Evaluate 0.001^0.00105. I think the result will show you that the sequence didn't converge.

Or a negative base.

Typo.

@@tomkerruish2982 thanks

I am using x**x to represent exponentiation, x^x

It's not necessary to be a mathematician to either know math or to do well, even if it were true that it requires an IQ above 150. Just always work at it, always be reading and learning something. God bless.

@@Math_oma God bless you!

@@Math_oma btw evolution happened to be a big problem of mine for several reasons: - I believed in irreducible complexity. - The person that helped me convert was a creationist and a well spoken one. - life seems impossible to have originated on its own. - I needed absolute proofs of God. - It did, and still does, pose a problem in terms of evil and corruption (sickness, diseas, etc) How can God create a perfect world where disease, evil murder exist since the begin.
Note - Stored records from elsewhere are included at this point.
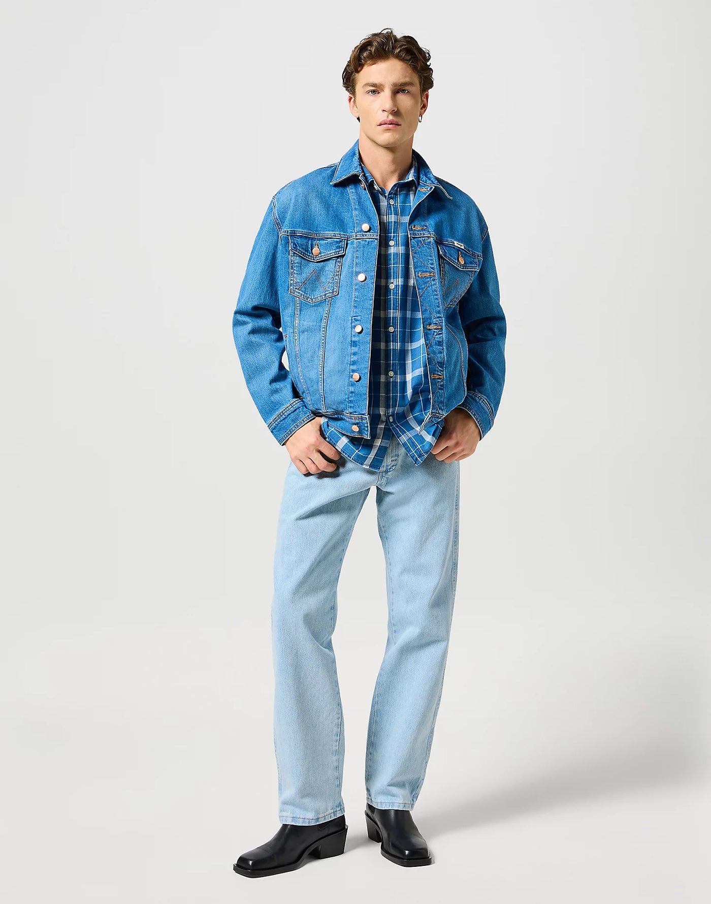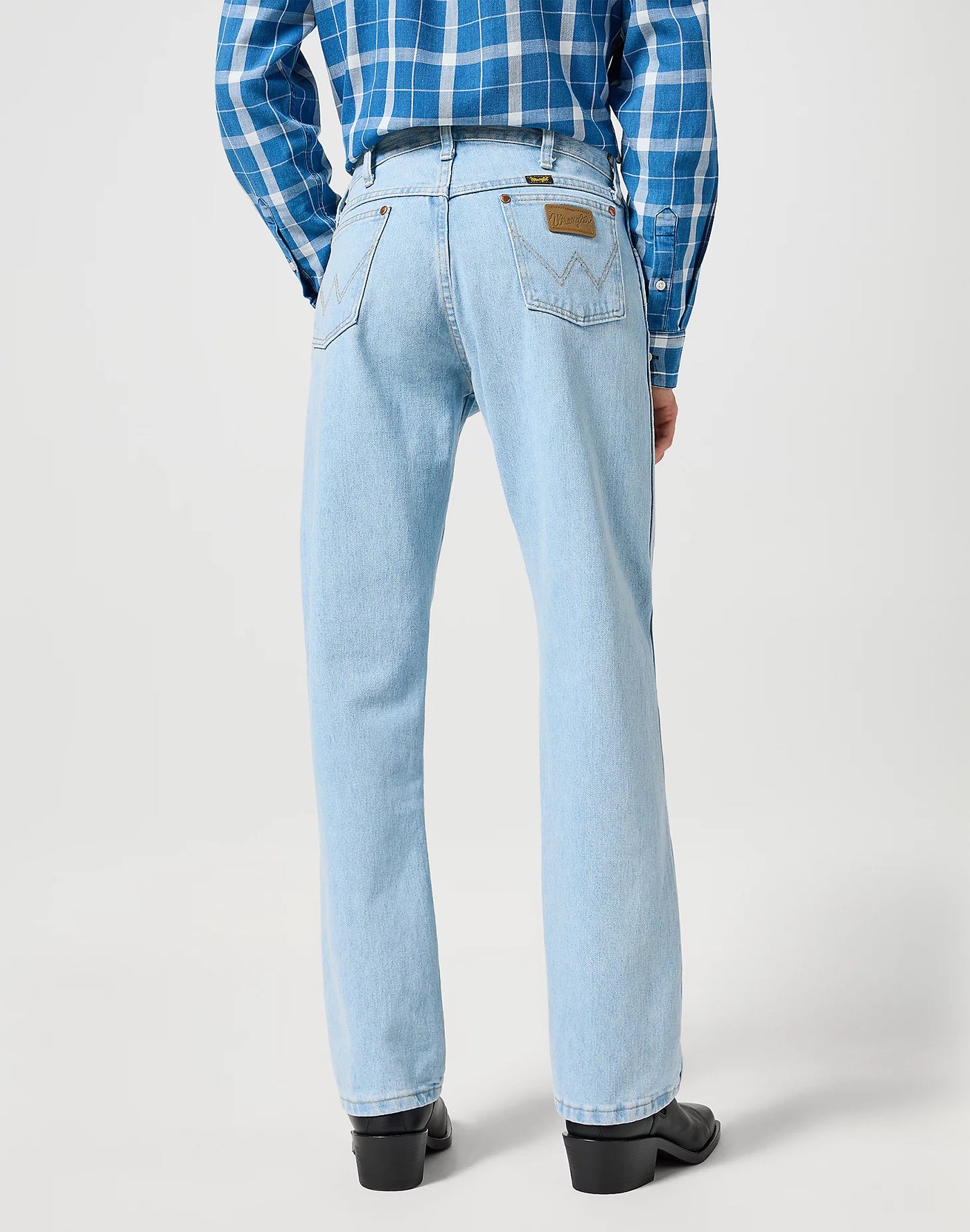 Zu den Merkmalen gehören 7 Gürtelschlaufen, ein Reißverschlussschlitz mit Knopf, durchgehende Außennähte, flache Nieten, die kultigen 'W'-Nähte und das typische Wrangler-Branding.
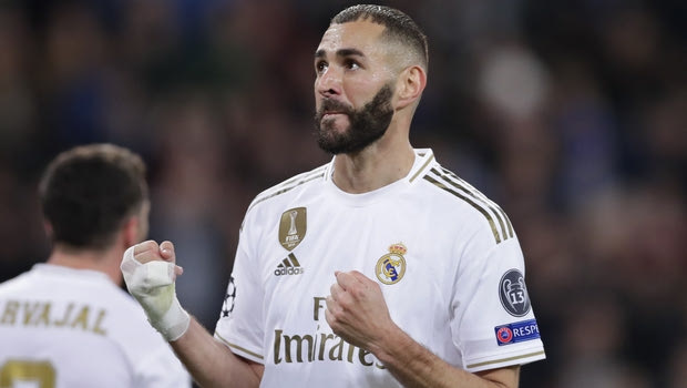 Real Madrid's Karim Benzema celebrates after scoring his side's fifth goal during a Champions League group A soccer match between Real Madrid and Galatasaray at the Santiago Bernabeu stadium in Madrid, Spain, Wednesday, Nov. 6, 2019. (AP Photo/Manu Fernandez)
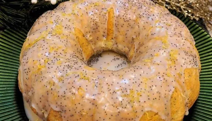 9. Once the cake has cooled, drizzle lemon glaze evenly over the top. Sprinkle with more poppy seeds and lemon zest. Let the glaze set before slicing.
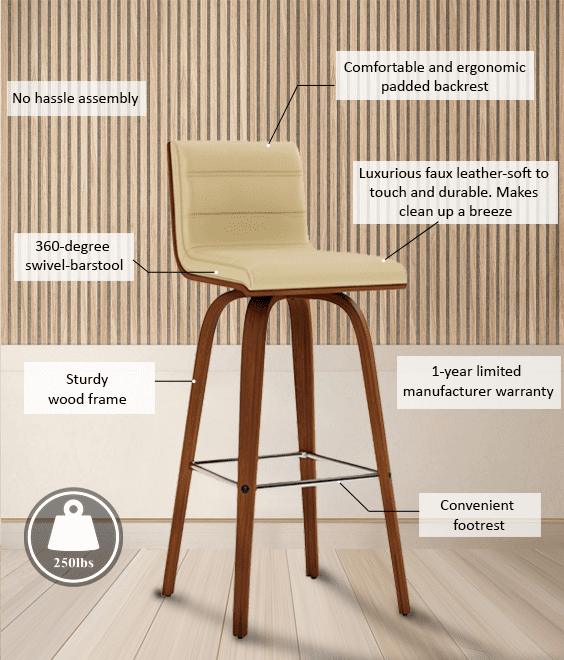 Stylish Swivel Barstool: The Vienna bar stool features a 360-degree swivel function, perfect for your kitchen island, counter, or bar table, ensuring effortless mobility and engagement. Mid-Century Modern Design: Elegant walnut or black wood finish pairs with plush faux leather upholstery for a timeless, sophisticated look. Comfortable & Supportive: High-density foam padding, a padded backrest, and a sturdy footrest provide ergonomic support for long-lasting comfort. Height Options for Any Space: Available in 26” counter height or 30” bar height, making it a versatile fit for kitchen islands, peninsulas, and pub tables. Durable & Easy to Maintain: Built with a sturdy wooden frame, steel footrest, and high-grade faux leather that is easy to clean and designed to last.
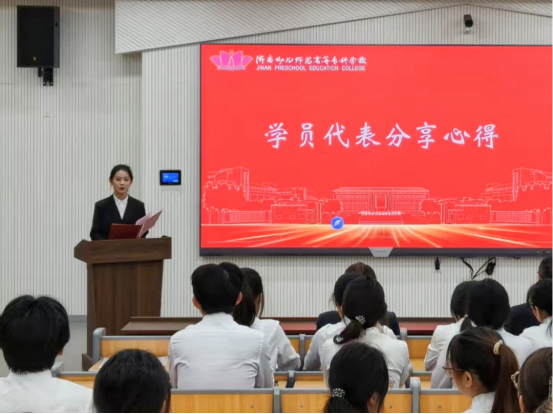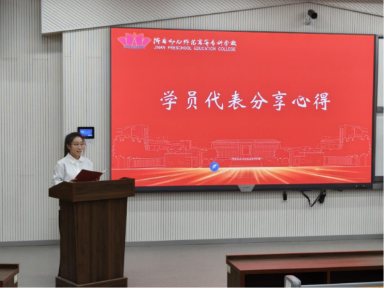随后,学员代表、25级小学教育班团支书宋明月分享了培训心得。她表示,从领导老师的专题讲座,到学长学姐的经验分享,再到涵盖AI管理、公文写作、沟通协作、压力应对等一系列务实课程,使其从职责认知到实践方法均获得系统赋能。她将以此次培训为新的起点,让学习成果转化为工作实效,努力在实践中为同学提供更专业、高效、有温度的服务。
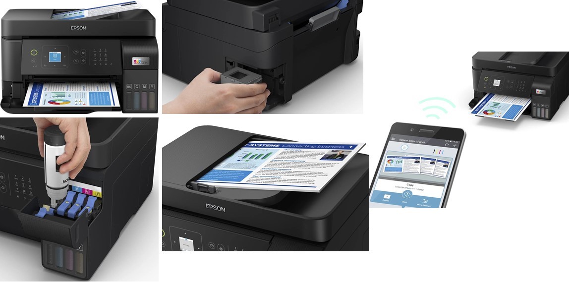 Epson EcoTank L5590 4-in-1 Colour Ink Tank System Printer – Print Size A4, Print, Copy, Scan & Fax, Print Speed Up to 15ppm Black & 8ppm Colour, Print Resolution Up to 4800 x 1200 dpi, Duplex Printing Manual, Borderless Printing, Connectivity USB, Wi-Fi, Wi-Fi Direct, Paper Handling: 100 Sheet Input Tray, 30 Sheet Automatic Document Feeder, 1.4-inch Colour LCD Display, Apple AirPrint, Epson Smart Panel App, Epson Connect (Email Print, Remote Print Driver), Retail Box, 1 Year Warranty.
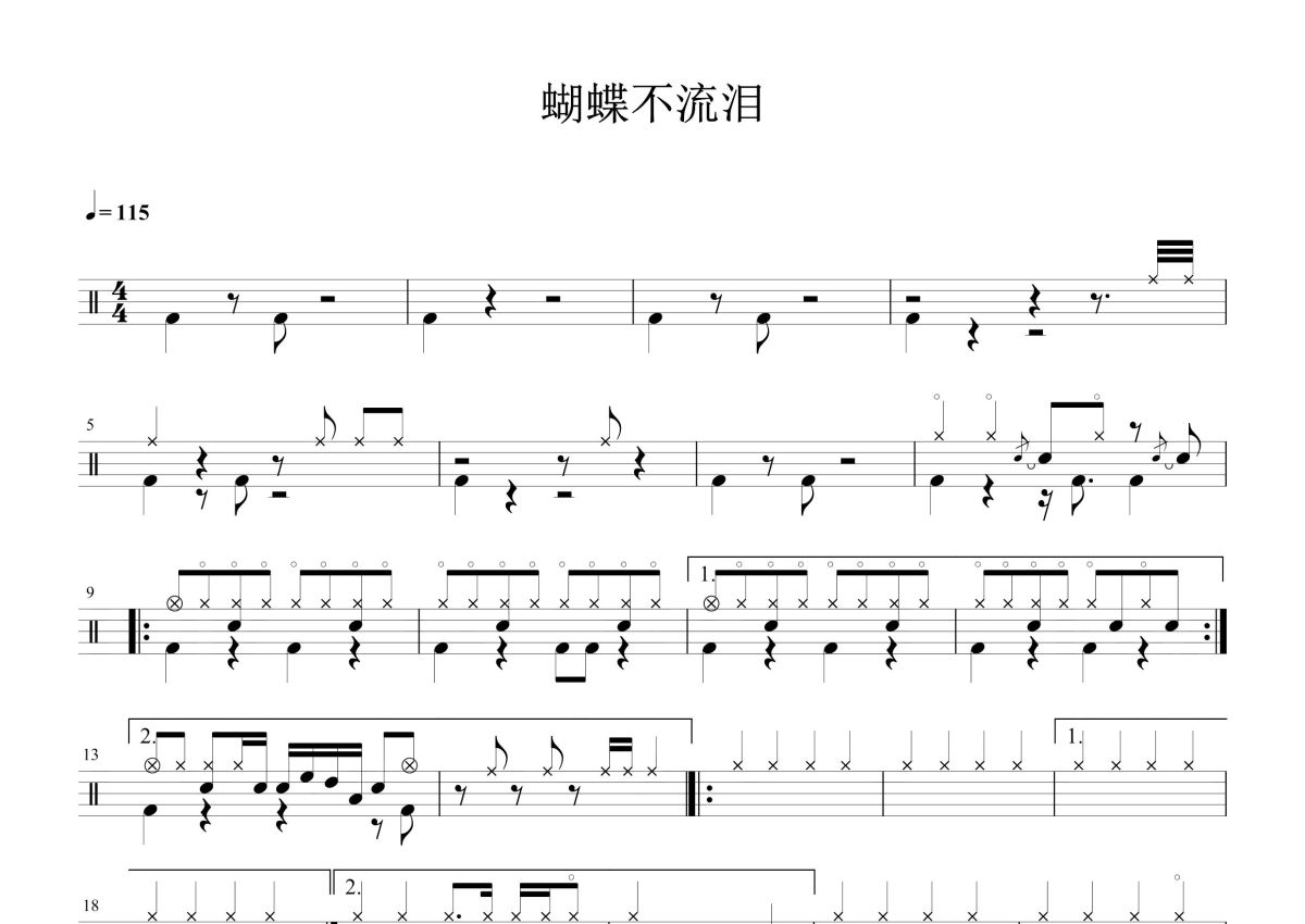 耿嘉涓渼《蝴蝶不流泪》鼓谱 - 架子鼓谱

These are some and I articulated them in a very vague way, but they give you the idea of what I mean. I've been really struggling beacuse of various reasons, but I also have some strong reasons to believe: ultimate proofs that the mind is not derived from the brain, the universe can only be originated from God and it seems very unlikely that abiogenesis/evolution could have happened the way atheists mean it.